PERGANTIAN kepemimpinan bissu Segeri terjadi bila
sang pemimpin meninggal. Ketika Puang Saidi meninggal 28 Juni 2011 lalu, terjadi
pro dan kontra tentang pergantian kepemimpinan ini. Menurut antropolog Universitas Negeri Makassar, Halilintar Lathief,
penyigi yang telah 30 tahunan meneliti bissu,
pergantian itu dilakukan di depan jasad Puang Matoa sebelum dikuburkan. Entah
mengapa hal itu lalu diurungkan.
“Ada kabar kalau ada juga yang mau jadi matoa. Saya bilang silakan saja. Tapi
kalau ada apa-apa dan sampai mempermalukan komunitas bissu, biar dia tanggung,”
tegas Puang Upe’. Mimiknya begitu serius.
Bissu adalah komunitas pendeta wadam dalam kebudayaan Bugis
pra-Islam. Kalangan ini dipercaya sebagai penjaga pusaka (arajang) kerajaan. Berbagai literatur tentang masyarakat Bugis
menyebut bahwa bissu merupakan salah
satu dari lima jenis kelamin yang hidup dalam kebudayaan Bugis, selain orowane (laki-laki), makkunrai (perempuan), calabai (laki-laki
cenderung feminin), calalai
(perempuan cenderung maskulin).
Bissu merupakan penghubung dunia manusia dengan dunia
Dewata.
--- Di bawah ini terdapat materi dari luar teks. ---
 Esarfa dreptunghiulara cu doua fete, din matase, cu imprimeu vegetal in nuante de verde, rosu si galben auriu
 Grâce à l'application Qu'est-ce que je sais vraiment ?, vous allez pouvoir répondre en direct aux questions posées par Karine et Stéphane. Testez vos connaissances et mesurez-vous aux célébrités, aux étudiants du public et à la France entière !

Para pendeta ini memiliki bahasa sendiri. Dalam sebuah wawancara dengan
seorang peneliti pada 2010, ahli bahasa Bugis, almarhum Muhammad Salim menyebut
bahasa yang dipakai kala bissu memimpin upacara suci bernama bahasa Bugis Galigo.
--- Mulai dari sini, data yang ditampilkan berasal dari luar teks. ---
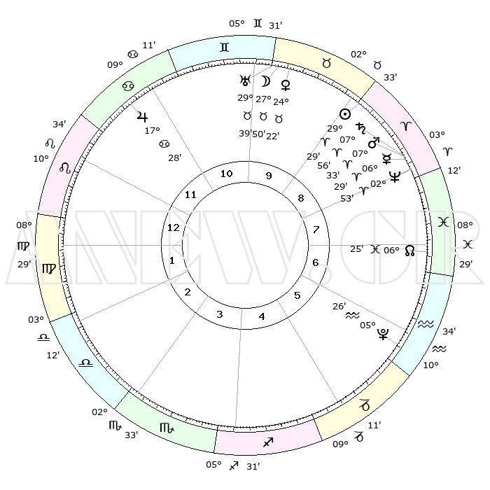 | | ΘΕΣΕΙΣ ΠΛΑΝΗΤΩΝ ΑΣΤΡΟΛΟΓΙΚΟΥ ΧΑΡΤΗ ΤΗΣ ΣΤΙΓΜΗΣ ΑΥΤΗΣ | | | | Πλανήτης | Ζώδιο | Μοίρες | Δεκαήμ. | Σε οίκο | Απόκλιση | | Ακμές των οίκων | | Ηλιος | Κριός | 29°25' | Τρίτο | 9 | 11 N 16 | | 1ος | 18°17' | Λέων | | Σελήνη | Ταύρος | 26°47' | Τρίτο | 10 | 24 N 18 | | 2ος | 10°55' | Παρθένος | | Ερμής | Κριός | 06°22' | Πρώτο | 8 | 00 N 07 | | 3ος | 08°22' | Ζυγός | | Αφροδίτη | Ταύρος | 24°17' | Τρίτο | 10 | 19 N 12 | | 4ος | 10°57' | Σκορπιός | | Αρης | Κριός | 07°30' | Πρώτο | 8 | 02 N 06 | | 5ος | 15°60' | Τοξότης | | Δίας | Καρκίνος | 17°27' | Δεύτερο | 11 | 22 N 40 | | 6ος | 19°05' | Αιγόκερως | | Κρόνος | Κριός | 07°55' | Πρώτο | 8 | 01 N 10 | | 7ος | 18°17' | Υδροχόος | | Ουρανός | Ταύρος | 29°39' | Τρίτο | 10 | 19 N 54 | | 8ος | 10°55' | Ιχθείς | | Ποσειδώνας | Κριός | 02°53' | Πρώτο | 8 | 00 S 04 | | 9ος | 08°22' | Κριός | | Πλούτωνας | Υδροχόος | 05°26' | Πρώτο | 6 | 22 S 48 | | 10ος | 10°57' | Ταύρος | | Β. Δεσμός | Ιχθείς | 06°26' | Πρώτο | 7 | 09 S 09 | | 11ος | 15°60' | Δίδυμοι | | Ωροσκόπος | Λέων | 18°17' | Δεύτερο | | | 12ος | 19°05' | Καρκίνος | | Μεσουράνημα | Ταύρος | 10°57' | Δεύτερο | | | |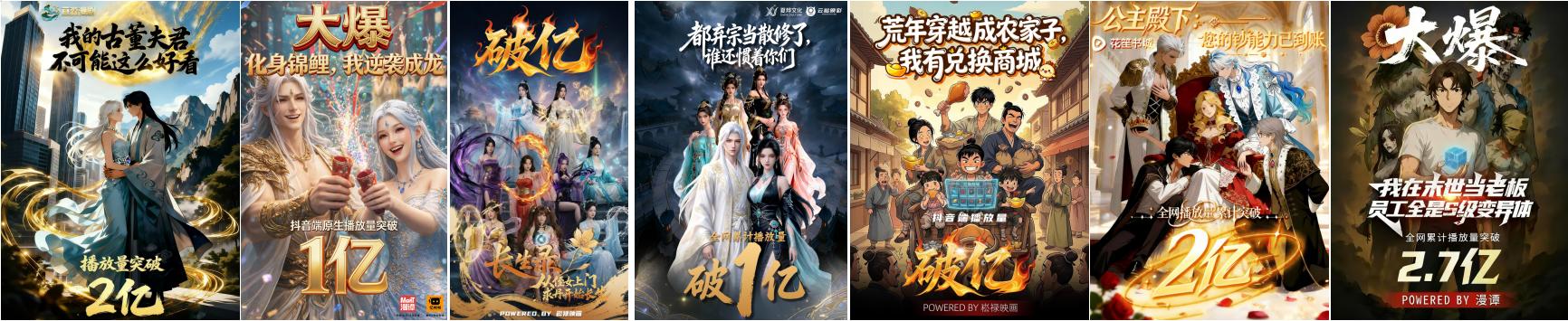 上线一年半,非沙雕品类热门AI剧超70%的市占率;在去年10月率先创造了可以制造爆款的agent,一个3人团队,15天可以完成一部80集AI漫剧;代表作品25年占年度漫剧榜单近50%,其中《我的古董夫君,不可能这么好看》抖音单平台2.5亿播放。现在更是可以成为一款一人一天可完成一部剧的高质量效率工具。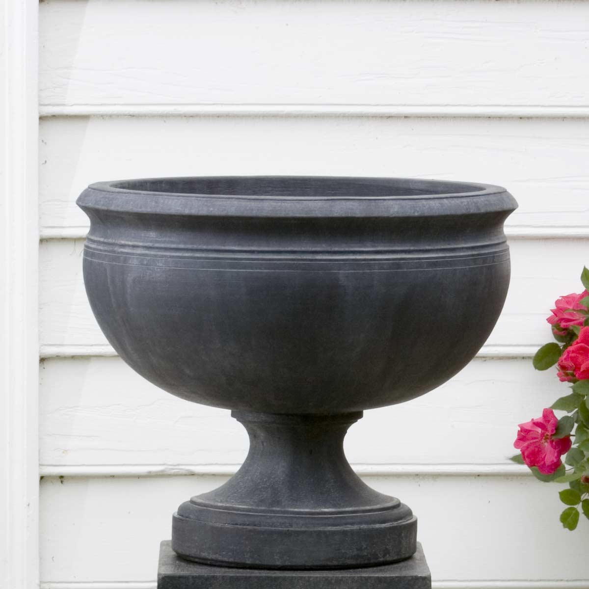 The Williamsburg Plantation Urn has an elegant chalice shape that calls for elevation on a pedestal plinth. It’s a great choice for heirloom roses or other traditional shrubs and is crafted from cast stone in a variety of finish options. Part of the Williamsburg collection, these pieces draw from 18th-century designs and offer a refined, yet contemporary, aesthetic.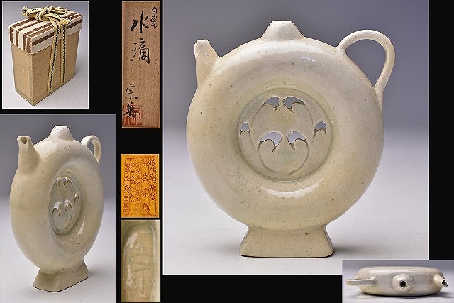 > 帯谷宗英 ★ 白瓷 水滴 ★ 共箱 共布 ★ 口欠 (注ぎ口に欠け) あります ★ 笹文 ★ おびや陶房 ★ 師匠:鹿児島寿 ★ 繊細なつくり ★

“Selain (bahasa) Bugis pasaran dan bahasa resmi, ada
juga bahasa Galigo. Bahasa ini sepertinya bahasa masa pra-Islam karena belum
ada penanda waktu dalam bahasa Bugis jenis Galigo,” papar Pak Salim. Konon, Pak
Salim juga yang mengajari Puang Saidi membaca lontara’ berbahasa Galigo tak lama setelah menjadi Puang Matoa.
Kedua tokoh ini pula sempat ikut dalam pementasan I La Galigo ke beberapa negara yang dibesut Robert Wilson dan
kawan-kawan.
Pada masa gencarnya gerakan Darul Islam/Tentara Islam Indonesia
(DI/TII) di bawah pimpinan Abdul Kahar Muzakkar yang mengusung anti feodalisme
dan pemurnian praktik Islam, peran para bissu
memudar seiring tradisi yang mereka jaga dianggap di luar dari syariat Islam
dan diperparah menyurutnya pengaruh istana kerajaan, yang sebelumnya jadi
tempat mereka menegakkan kharisma sebagai penjaga arajang (pusaka kerajaan). Sejak itu pula, menurut Susan Bolyard
Millar dalam Perkawinan Bugis
[Ininnawa, 2009], bissu beralih
menyewakan perlengkapan busana tradisional kalangan bangsawan (menggunakan
ornamen emas-sepuhan sebagai tiruan ornamen pusaka asli yang terbuat dari emas
murni).
PUANG UPE’ mulai menjalani hidup sebagai bissu pada usia 14 tahun. Lelaki tamatan
sekolah dasar ini mengenal dunia bissu
lantaran bertetangga dengan kepala bissu
masa itu, Puang Matoa Bissu La Seke’. Dari Puang La Seke’-lah ia mendapat bimbingan
dan pelajaran segala macam ritual pengobatan ala bissu yang masih dilakoninya hingga sekarang.
Puang Upe’ mengungkapkan, ia sering melayani pengobatan
ala sanro (dukun) untuk pria yang
bermasalah dengan kehidupan seks. Puang Upe’ lalu menunjukkan sebuah botol air
mineral transparan yang berisi cairan yang sewarna air seni. Baunya bau alkohol.
Air peraman padi itu disebutnya bisa menormalkan kehidupan seks pasiennya. “Cukup
tiga hari minum ini, bisa lagi tojo
(berdiri),” tegas Puang Upe’ membelalakkan mata, seraya menegakkan jari telunjuknya.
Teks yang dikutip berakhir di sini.